История развития автоматики и вычислительной техники странным образом связана с шахматами. В XVIII в. "думающие" шахматные автоматы служили для фокусов и мистификаций. Первый аппарат с настоящим искусственным интеллектом, созданный в Испании в начале ХХ в., был способен поставить мат королем и ладьей шахматисту, играющему королем. Видимо, не случайно и то, что одной из первых действительно интеллектуальных задач, поставленных перед программистами еще на заре вычислительной техники, была игра в шахматы.
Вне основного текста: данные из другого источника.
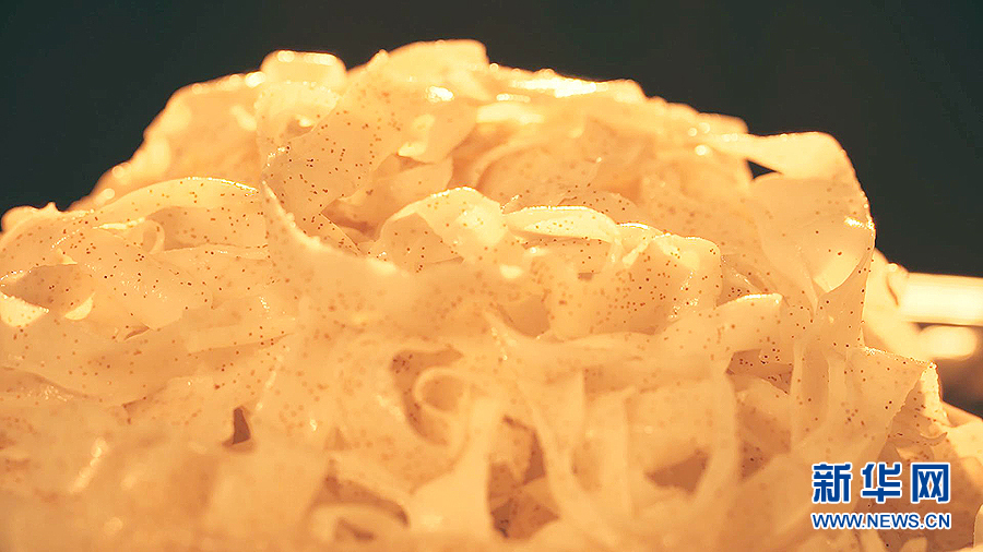 新鮮做成的沙河粉,晶瑩雪白,爽、韌、軟、滑,富有特色。新華網(wǎng)發(fā)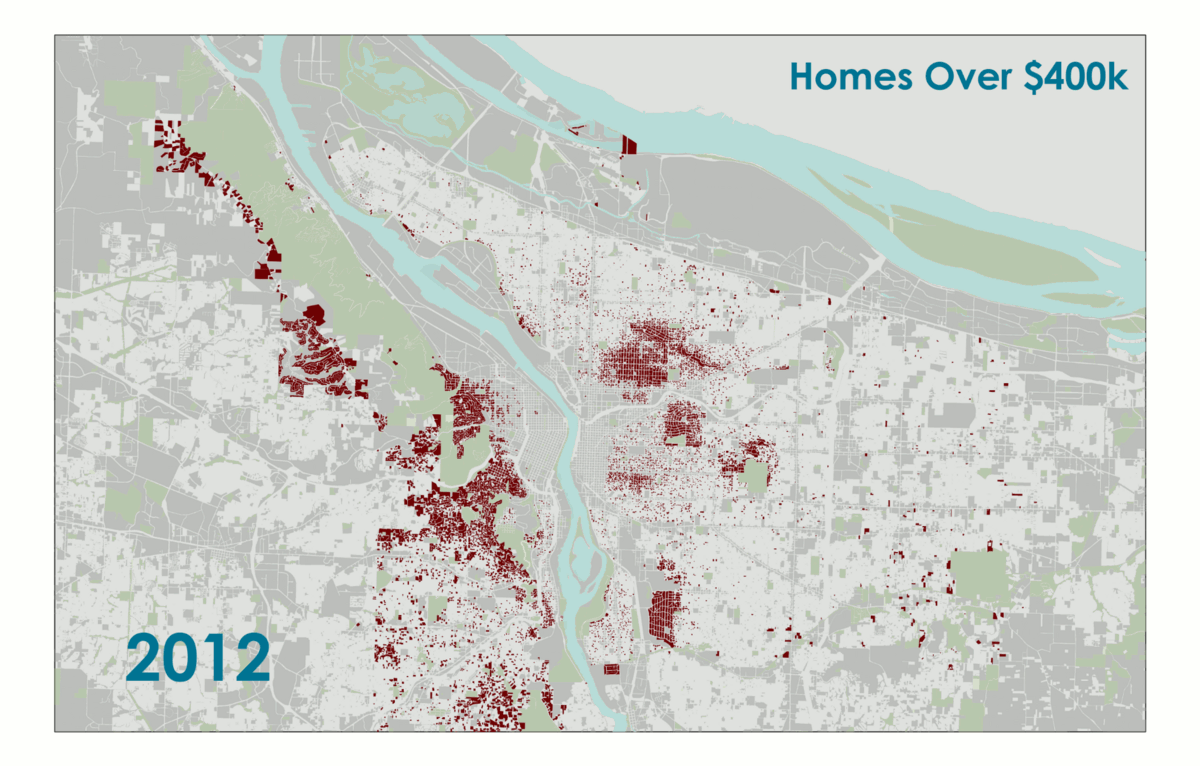 Property tax records show the alarming spread, over the last four years, of homes valued at $400,000 or more—enough to make them unaffordable to 59 percent of Portlanders, according to the latest Census estimates.

О шахматных программах и связи этой древней игры с развитием технологий искусственного интеллекта рассказывает один из тех, кто создавал первые шахматные программы, доктор технических наук, профессор
Владимир Львович Арлазаров.
– Владимир Львович, а как пришли к мысли, что компьютер может решать интеллектуальные задачи?
– Когда выяснили, что компьютеры умеют не только вычислять, как это было придумано с самого начала, что за арифметическими действиями есть логическое действо, которое не только выполняет вспомогательные функции в деятельности вычислительных программ, но и с помощью которого можно решать самостоятельные задачи, то стало ясно: стоит попробовать положить на компьютер интеллектуальные задачи. Где-то с конца 40-х годов и до конца 50-х это активно обсуждалось, более того, ставились полу философские вопросы: а может, компьютеры будут умнее людей? И что тогда? И все на полном серьезе. Сейчас такие вопросы не ставят, все-таки 40 лет прошло. Тогда, на заре вычислительной техники, мы только осознали, что принципиально могут делать машины. Мы поняли, что человеческий мозг есть устройство, аналогичное вычислительной машине, и в тысячу, в миллион раз более мощное, но оно принципиально немножко отличается. Стало понятно, что, по крайней мере, большинство рациональных задач, которые решает человек, могут быть поставлены перед машиной. Следовательно, можно попробовать написать программы, которые эти задачи решают. Одну, две, тысячу... ведь человек тоже решает не бесконечное множество задач. И можно, так сказать, всю интеллектуальную деятельность человека запрограммировать.
– А почему все же решили обратиться к игре?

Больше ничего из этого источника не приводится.